Patricia stressed that deaths could have been prevented through proper staffing and PPE. “The patients in March didn’t have to die like this, if we would have had more staff and better equipment to work with. We also would not have been as stressed out.”
Patricia warned that Elmhurst Hospital was in no position to adequately meet a new influx of patients in a second wave. Coronavirus cases have been skyrocketing across the country, rapidly approaching the 3 million mark. While New York is in the advanced stage of reopening, New York City is still recording hundreds of new infections every day. At Elmhurst Hospital, Patricia said, cases are picking up again. “It’s very scary because it’s not even flu season yet.”

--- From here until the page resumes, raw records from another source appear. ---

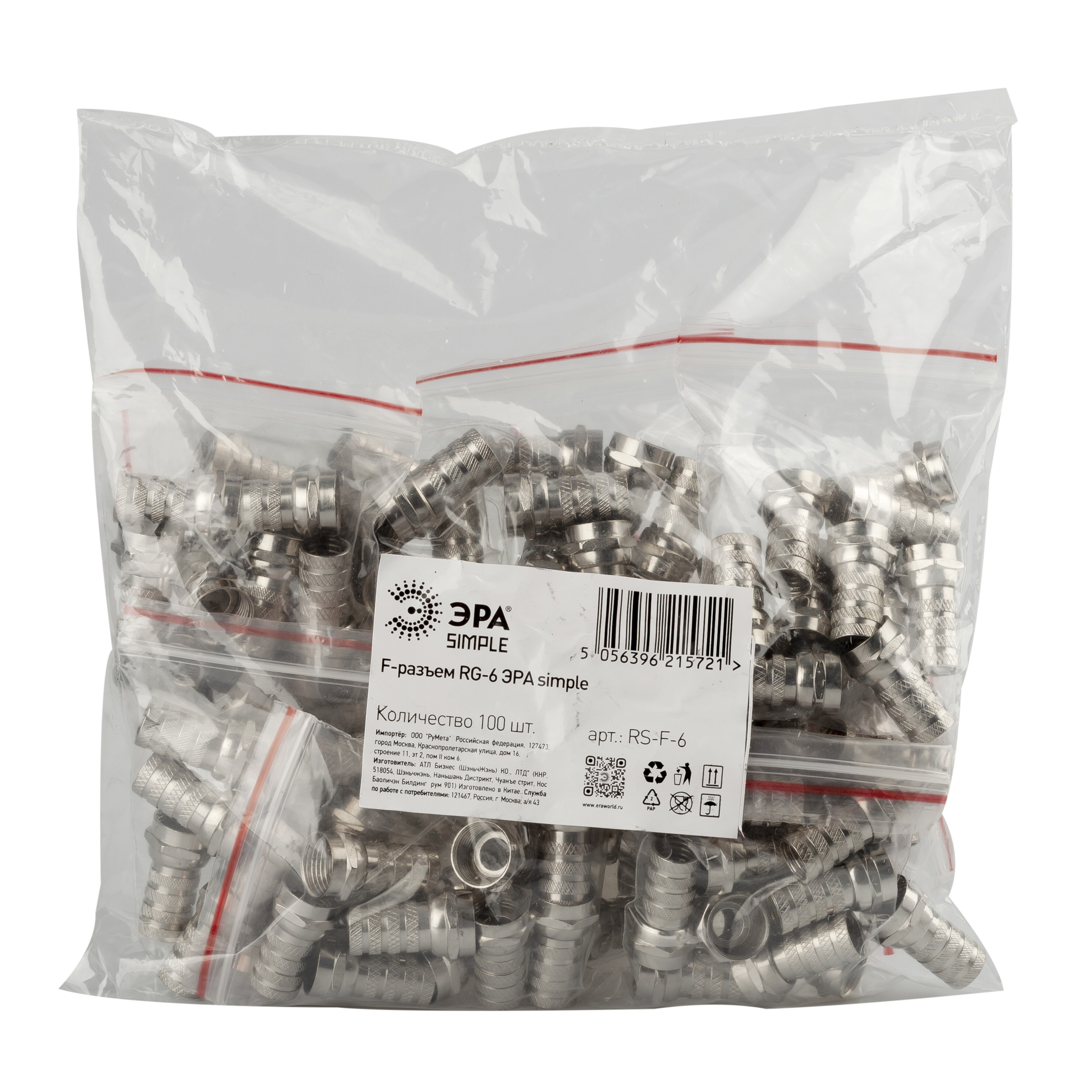 Переходник ЭРА Simple RS-A01-1 гнездо F-штекер TV 1 шт
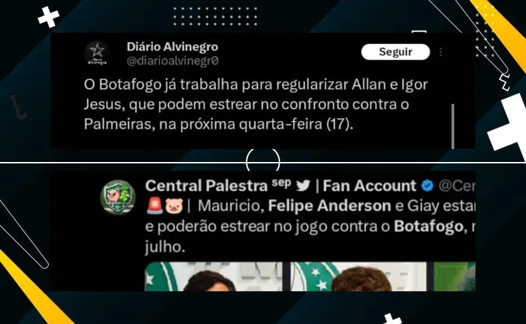 O Alvinegro Carioca também poderá ter seus reforços para a partida diante do time paulista: Igor e Allan Jesus deverão fazer suas respectivas estreias diante do Palmeiras.
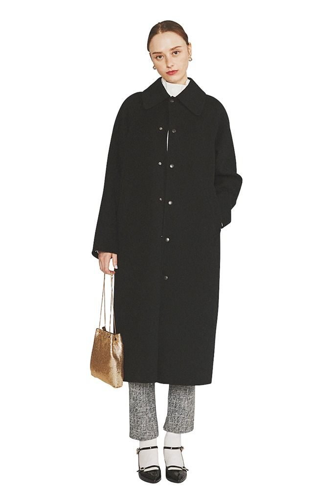 グレージャカードレギンス 20,900円/ダブルスタンダードクロージング(フィルム) コート 115,500円/THE SHINZONE(Shinzone ルミネ新宿店) 中に着たシャツ 26,400円/エトレトウキョウ ピアス 15,400円/ニナ・エ・ジュール(ショールーム ロイト) ソックス 1,100円/タビオ バッグ 7,700円/COO(ROSE BUD ルミネエスト新宿店) パンプス 18,700円/ダイアナ(ダイアナ 銀座本店)
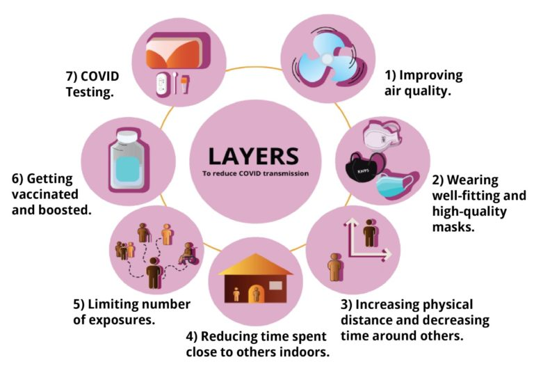 - If you have school-aged children, advocate for masking and clean air in your child’s school
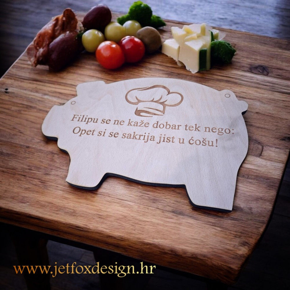 MyBoard daske izrađene su od laminiranog bukovog drveta debljine 6 mm, bez završne obrade i premaza. Daska je laserski rezana i gravirana iz ploče, zbog čega su na rubovima mogući vidljivi tragovi rezanja i paljenja. Ti tragovi su prirodan rezultat laserske obrade i daju dasci rustikalan, sirov izgled. Ova daska nije namijenjena za svakodnevno rezanje hrane niti za pranje u perilici posuđa ili s većom količinom vode. Prije svega, MyBoard je dekorativna i poklon-daska – simpatičan, personaliziran poklon koji je cjenovno pristupačan i pogodan za razne prigode. Ako tražite pravu dasku za rezanje, s dodatnom obradom i zaštitnim premazom, preporučujemo da odaberete Bambus modele, koji su namijenjeni redovnoj upotrebi u kuhinji.
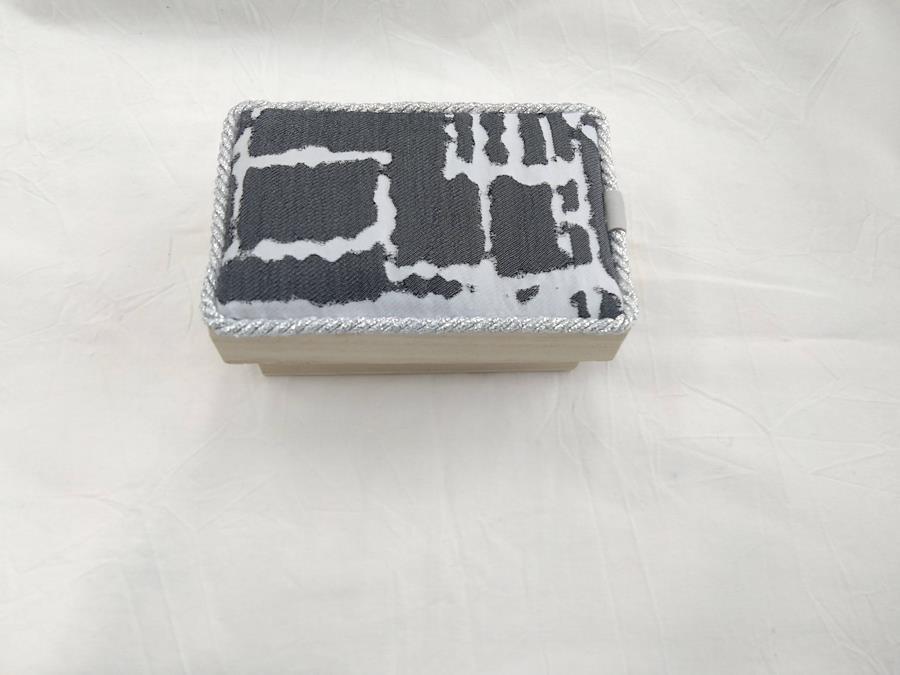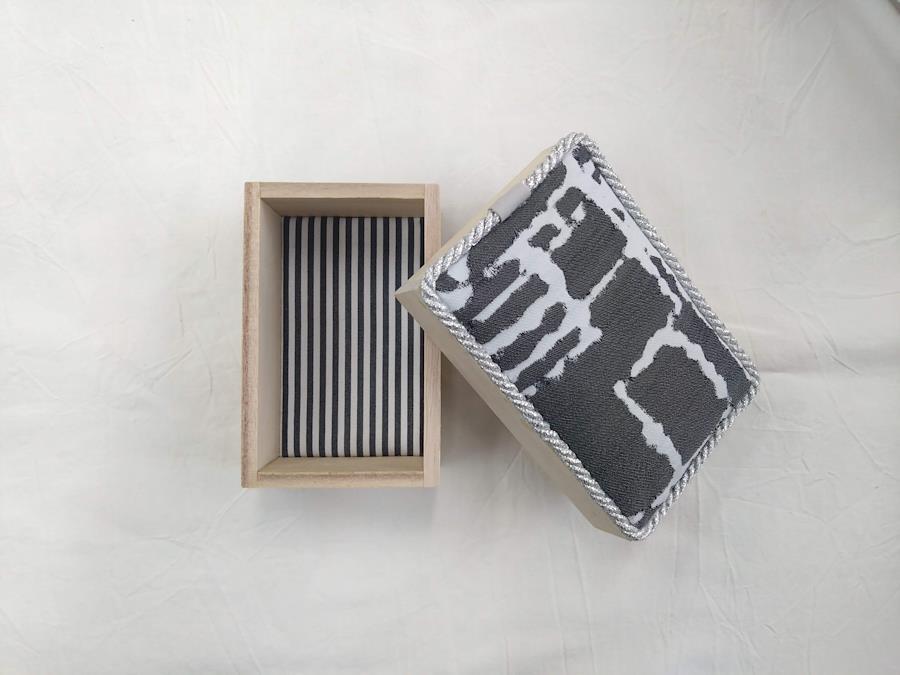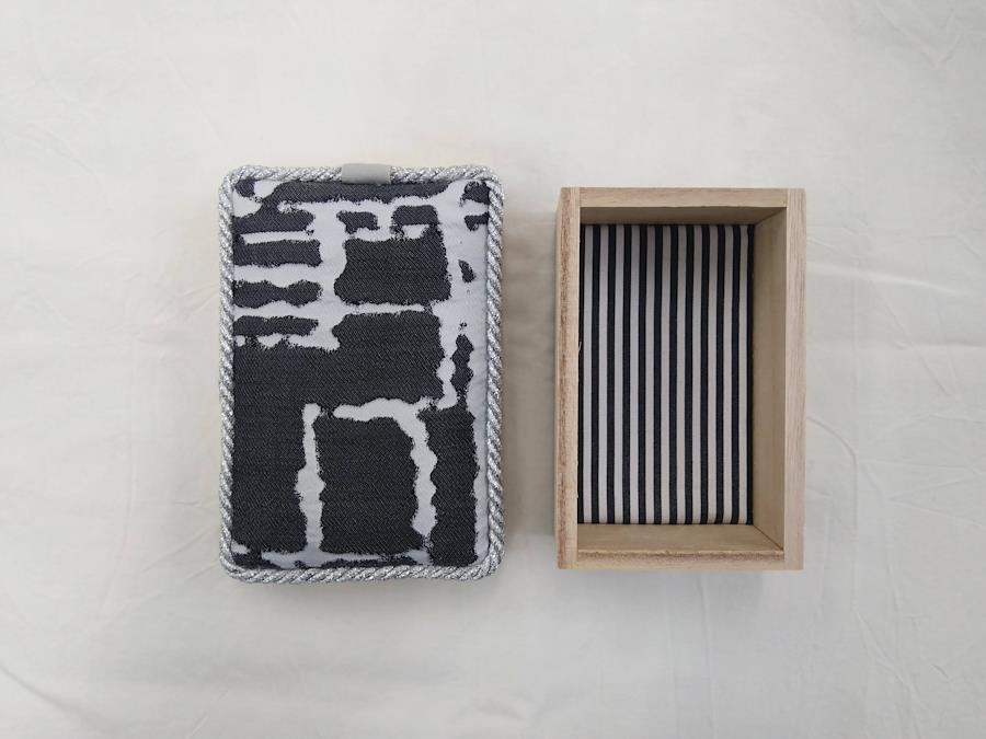 桐の箱に播州織ジャカード生地をあしらった小物入れです。桐材は通気性が良く、美しい播州織をあしらうことでインテリアとしても空間に映えます。この桐箱にアクセサリーや小さなお菓子などを入れて、ギフトBOXとしてプレゼントするのも素敵です。
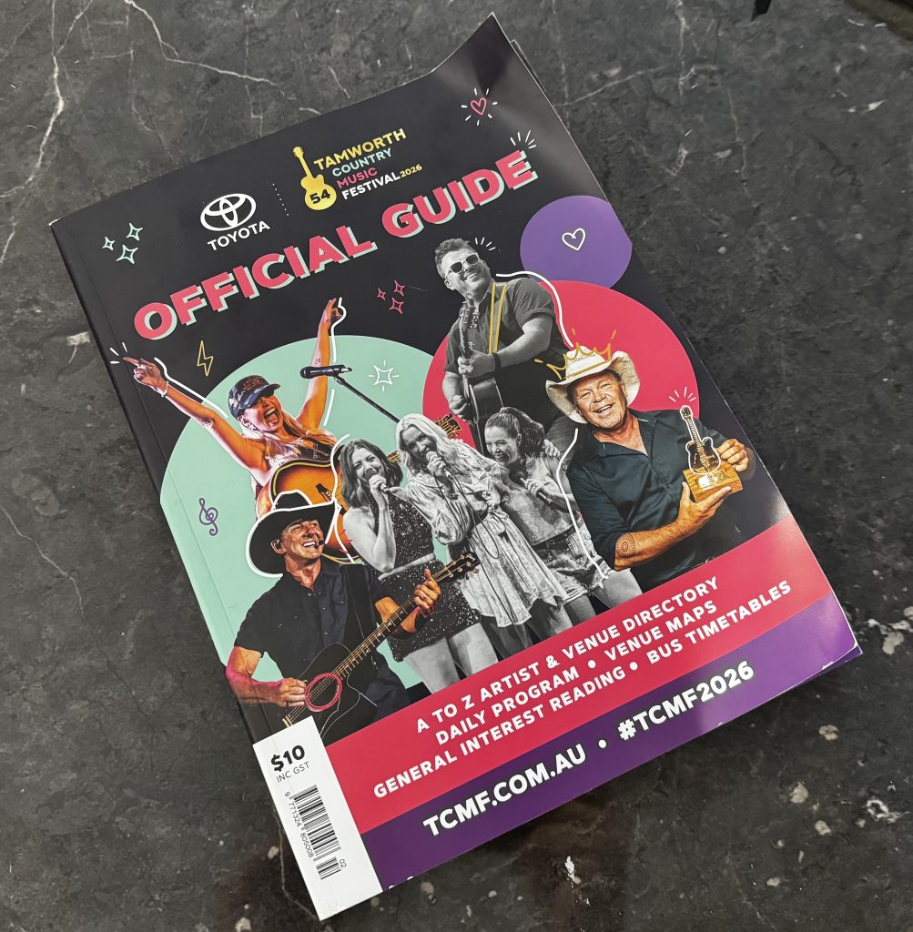 And of course, make sure you collect the Tamworth Country Music Festival Guide itself. For just $10, it is the ultimate keepsake of your TCMF26 experience. Dog-eared, scribbled on and well-loved by the end of the week, it becomes a time capsule of gigs seen, gigs missed and memories made.

Even though the hospital is still treating COVID-19 patients, the already low standards for PPE have been lowered yet again. “Before, we were able to wear protective gear, but now you’re not allowed to wear PPE outside the designated COVID units. There are goggles, gloves and scrubs, but it’s very hard to get masks.” Patients with and without COVID-19 are still mistakenly put together, something that has been occurring throughout the pandemic, further driving up infection.
Patricia stressed the failure of management at her hospital and concluded, “If they don’t get more [respiratory] therapists we’re going to be ill prepared again if a second wave hits. We really need proper staffing in order to have better safety outcomes.”